Abner was my very first horse. He was a bay quarter horse. I used him as lead horse during a summer job giving trail rides at a local resort. At the end of the summer, I scraped together enough cash to buy him.
Actually, I didn't pick him, he picked me. When I went for the job interview, we went out to see the horses, and he walked right up to me and put his head under my arm. This doesn't sound amazing at first, but for the next 26 years he never did that again! This was not an easy horse to catch, to put it mildly.
The reason he was the lead trail horse was because he was just too dangerous to rent out! The fellow who owned him before me raced him at local fairs, and you could tell when you got on him!

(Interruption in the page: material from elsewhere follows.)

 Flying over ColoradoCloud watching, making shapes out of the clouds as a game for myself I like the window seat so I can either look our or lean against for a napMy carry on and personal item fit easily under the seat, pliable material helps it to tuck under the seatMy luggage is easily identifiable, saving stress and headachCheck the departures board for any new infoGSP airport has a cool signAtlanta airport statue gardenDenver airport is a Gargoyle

Lucky for me, when we were taking a group out, he'd stick to the usual walk trot in all the same places like all good trail horses do. As for going for rides after hours, I can't even count how many times this horse ran off with me. He would actually reach down sideways, grab the side of the curb bit in his mouth, and just go. Being so fit, it would be a mile at least before he would slow down enough to bring back under control. What a wild summer that was! I would get butterflies in my stomach just thinking of getting on him, but being young and indestructable, I was NOT going to back down from my first horse after all the years of waiting to have one.
Over time, I won. By the next spring, he was going nicely in a snaffle, and not long after that we even had some pretty good reining moves perfected. He turned into one of those horses where you just had to think about where to turn and it happened. He was so honest, he'd give you whatever you asked. You really had to watch when you were working cattle though, because he'd see them turn before you did and run right out from under you if you weren't watching. :shock:
He was retired at 24, and pulled back out of retirement for a couple of weeks when he was 26 to help with a big feeder calf breakout we had. He lived to be 31. He still was hard to catch right up until the day before his heart attack.